Anxiety hasn't been great today, same as over the weekend. Not sure if there has been a trigger as such, but am trying to remember that blips are part of the recovery process and I should see it as that. Problem is, when the anxiety strikes - I tend to worry about stuff that I otherwise wouldn't. It's almost a shift in focus that is hard to arrest.

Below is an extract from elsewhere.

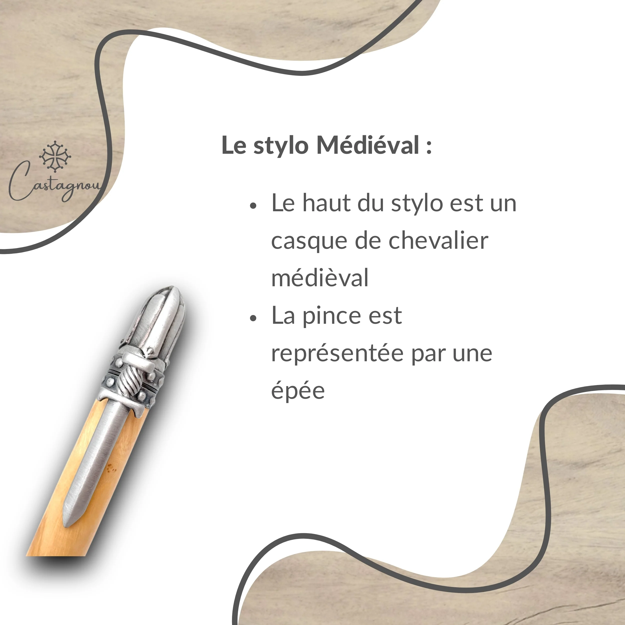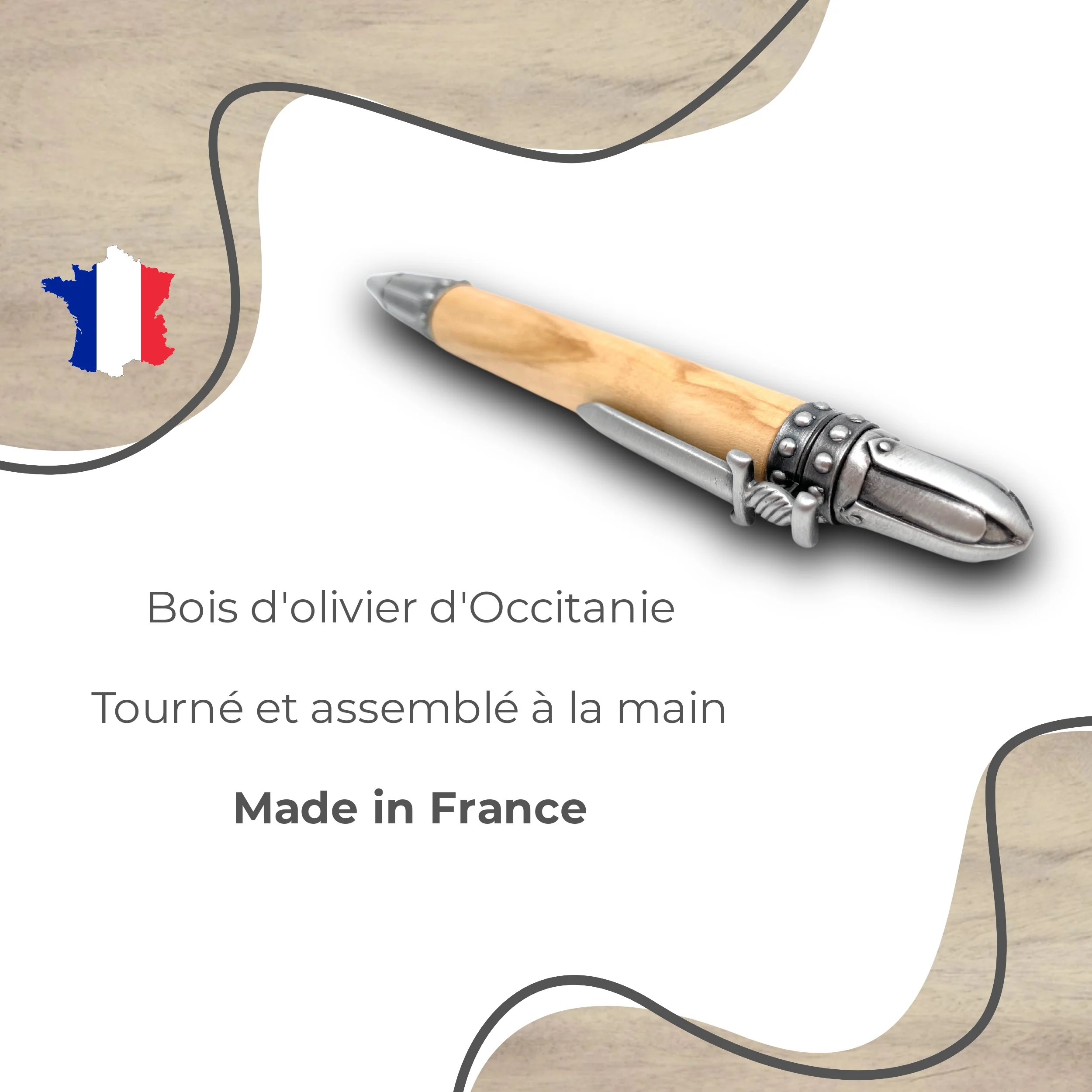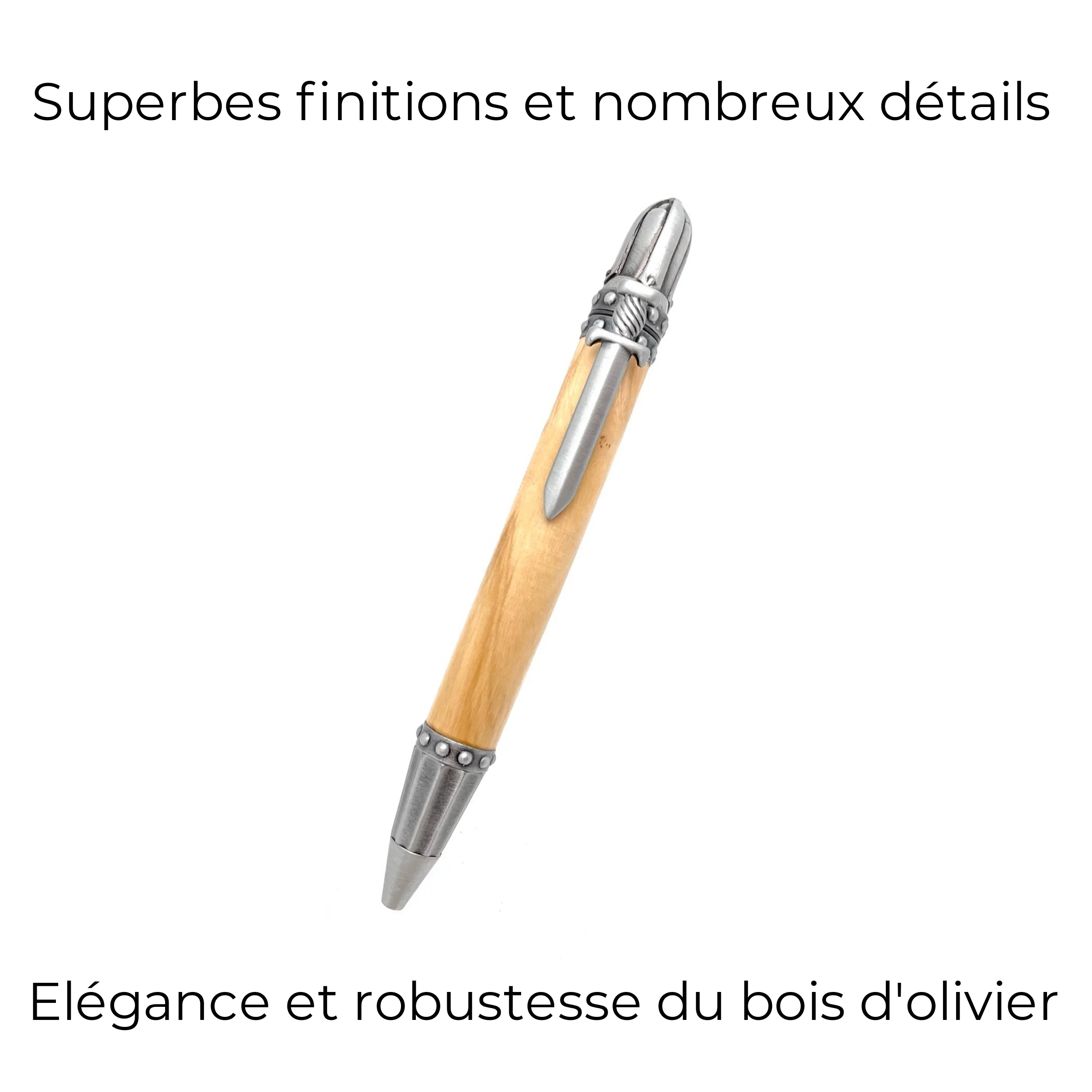 STYLO EN BOIS D’OLIVIER – MODELE MEDIEVAL
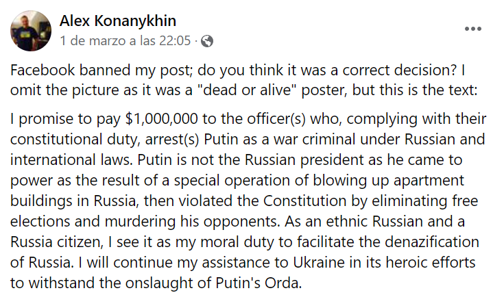 “Prometo pagar 1.000.000 de dólares al funcionario o funcionarios que, cumpliendo con su deber constitucional, detengan a Putin como criminal de guerra según las leyes rusas e internacionales“, dice. “…considero que es mi deber moral facilitar la desnazificación de Rusia. Seguiré ayudando a Ucrania en sus heroicos esfuerzos por resistir la embestida de la horda de Putin“.

I'm 2.5 weeks in to being on 40mg Citalopram, so I hope it's still kicking in. The Citalopram itself, I've been back on for about 9 weeks. The anxiety itself is different to what it was 3/4 weeks ago - this time, it's a tight feeling in the throat, coupled with sweaty hands and feeling as if something bad is going to happen. Gone is the nausea (thankfully) but when it's bad, it's still with me as soon as I get up in the morning. It makes for a long day, so again I'm going to have to plan some stuff to do this week and keep myself around people if I can, rather than sitting in the house and winding myself up! In-laws tomorrow, I think - if they don't mind some company. Weather up in Newcastle is supposed to be pretty poor tomorrow.
I'm still keeping on going with my Journal - think I'll have a fair bit to write about tonight, and get these thoughts 'challenged' on paper.
On a positive note, I've managed to find the book 'Esstential Help for your Nerves', by Dr Claire Weekes. Been a good few years since I read it, so am going to revisit it tonight.